The issues of grief in this cycle are more difficult to explain.  Why, if the narrator’s “girl spoke of love, the mother of marriage, even,” should the Wanderer have felt compelled to leave in the first place?  Why, if he truly has “done nothing / that should make [him] shy away from people,” should he feel compelled to continue ever onwards?  These questions remain unanswered in Müller’s text, but his genuine love for the maiden is made clear, in statements such as, “Passing by, I write ‘Good night’ on the gate, so that you might know I thought of you,” (“Gute Nacht”), and “When will I hold my beloved in my arms?” (“Frühlingstraum”).  Yet his grief and bitterness are palpable, starting as early as “Die Wetterfahne” (“The Weathervane”) where he mocks the wind for searching inside the house with the weathervane “for the image of a faithful woman;” “What do they care about my pain?” he asks.  “Their child is a rich bride.”  The recurring motif of the Wanderer’s hot tears, juxtaposed with the frozen water of the rivers over which he crosses, pose a problem for the narrator.  Flowing water might indicate a return to spring, life, and hope; and yet, in “Auf dem Flusse” (“On the River”), the narrator carves his grief into the icy mantle of the river, and in “Erstarrung” (“Numbness”) he realizes that, “should my heart ever melt again, / the image of [my beloved] will also flow away.”

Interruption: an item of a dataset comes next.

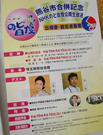日曜日はいよいよ 「NHKのど自慢」 が 熊谷会館からナマ放送だあ!! 日曜の12時15分にはNHKつけてみようね。明日が予選だけど、知人の中にも親分さんほか、出場する人がチラホラ…知った顔が本選に出ちゃうかも?? ドキドキもの。会場はウチのマンションから歩いてすぐだし、サンハイツの長老・山田おじいちゃんも「小林幸子がどこから来るんだげな?」 っつって、会館前で“入り待ち”する気だよそして、ちょうど今日このタイミングでキャッチした臨時ニュース。何と! 7月にはまた熊谷で…今度は旧・大里町の生涯学習センターにTV東京の「なんでも鑑定団」が来るんだってよ!出場者も募集してるから、詳細はコチラで御覧になってね♪江南町と合併→20万都市誕生記念って事で、最近やけに露出が多いわね~熊谷市。今年は他にもまだ何か、面白いことが待ち受けているのかな~??今日はこのお知らせのために、2コ目の日記…1コめの美味しいお菓子の話はコチラ!

Where does our narrator find refuge from the grand emotional forces that seem to be arrayed against him?  Over the course of the cycle, realizing that reality holds no comfort for him, he retreats further and further into madness to find solace.  In “Das Irrlicht” (“The Will-o’-the-Wisp”), the narrator seems resigned, saying, “I am accustomed to the ways of madness, / every path leads to its goal: / our joys, our sorrows, / all the game of a will-o’-the-wisp.”  Later, in “Täuschung” (“Delusion”), he even seems glad to have found a safe haven, saying, “For me, delusion alone is a prize!”  In the penultimate song of the cycle, “Die Nebensonnen” (“The Phantom Suns”), the Wanderer seems no longer able to confront reality.  “Three suns I saw standing in the heavens,” he says at the beginning of the piece.  By the end of the piece, there is only one sun remaining in the sky, and the narrator laments, “now the best two are gone. / If only the third would follow along behind! / In the darkness, I would be better.” 

There is no single way to grapple with Müller’s enigmatic texts, and Schubert’s inspired setting thereof.  Indeed, the vagueness and flexibility of these texts, the ability to connect with them on so many levels, could very well have much to do with their continuing popularity.  However, I hope that the above discussion, incomplete though it may be, may be of some assistance in understanding the decisions that were made in undertaking this specific performance of this piece.